Below are records with pictures. Reproduce exactly the lines from the line with "वाराणसी। रोटरी क्लब" to the line with "Measures absorbance changes", inclusive, and leave each picture out.

__PROVIDED ENTRIES__
== Segment start ==

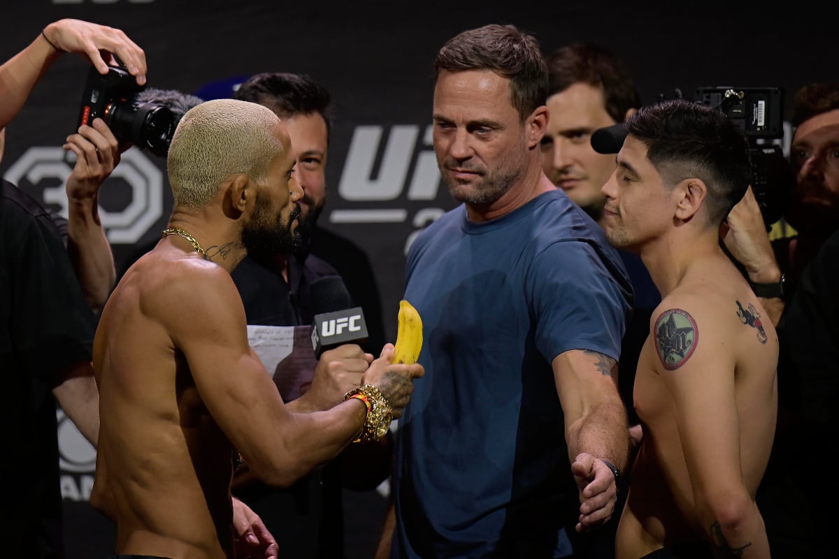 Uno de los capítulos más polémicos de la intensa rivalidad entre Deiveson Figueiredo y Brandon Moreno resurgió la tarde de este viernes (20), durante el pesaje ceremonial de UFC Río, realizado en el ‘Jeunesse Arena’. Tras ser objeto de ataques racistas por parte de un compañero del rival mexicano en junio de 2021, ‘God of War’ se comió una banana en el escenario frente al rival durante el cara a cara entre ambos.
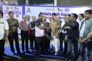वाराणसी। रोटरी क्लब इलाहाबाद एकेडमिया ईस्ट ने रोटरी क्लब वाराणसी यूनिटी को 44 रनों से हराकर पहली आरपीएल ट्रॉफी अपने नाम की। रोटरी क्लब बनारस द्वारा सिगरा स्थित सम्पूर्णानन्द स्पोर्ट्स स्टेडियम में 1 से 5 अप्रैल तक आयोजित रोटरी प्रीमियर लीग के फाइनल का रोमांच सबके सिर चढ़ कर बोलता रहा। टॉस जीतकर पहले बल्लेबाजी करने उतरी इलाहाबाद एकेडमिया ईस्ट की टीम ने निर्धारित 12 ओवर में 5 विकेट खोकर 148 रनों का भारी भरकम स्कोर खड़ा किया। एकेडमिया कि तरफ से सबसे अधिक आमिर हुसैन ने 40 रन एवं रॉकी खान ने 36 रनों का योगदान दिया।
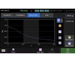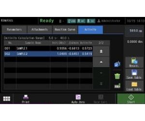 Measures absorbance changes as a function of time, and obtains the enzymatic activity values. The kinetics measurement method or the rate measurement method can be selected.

== Segment end ==
== Segment start ==

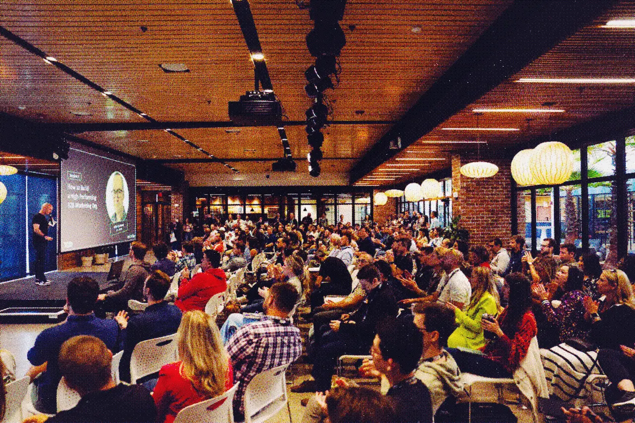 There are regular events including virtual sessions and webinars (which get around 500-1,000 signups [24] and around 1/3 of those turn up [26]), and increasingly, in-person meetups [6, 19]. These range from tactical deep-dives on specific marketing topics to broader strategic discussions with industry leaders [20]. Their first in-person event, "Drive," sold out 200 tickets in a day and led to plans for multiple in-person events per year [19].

== Segment end ==

__SOLUTION__
वाराणसी। रोटरी क्लब इलाहाबाद एकेडमिया ईस्ट ने रोटरी क्लब वाराणसी यूनिटी को 44 रनों से हराकर पहली आरपीएल ट्रॉफी अपने नाम की। रोटरी क्लब बनारस द्वारा सिगरा स्थित सम्पूर्णानन्द स्पोर्ट्स स्टेडियम में 1 से 5 अप्रैल तक आयोजित रोटरी प्रीमियर लीग के फाइनल का रोमांच सबके सिर चढ़ कर बोलता रहा। टॉस जीतकर पहले बल्लेबाजी करने उतरी इलाहाबाद एकेडमिया ईस्ट की टीम ने निर्धारित 12 ओवर में 5 विकेट खोकर 148 रनों का भारी भरकम स्कोर खड़ा किया। एकेडमिया कि तरफ से सबसे अधिक आमिर हुसैन ने 40 रन एवं रॉकी खान ने 36 रनों का योगदान दिया।
 Measures absorbance changes as a function of time, and obtains the enzymatic activity values. The kinetics measurement method or the rate measurement method can be selected.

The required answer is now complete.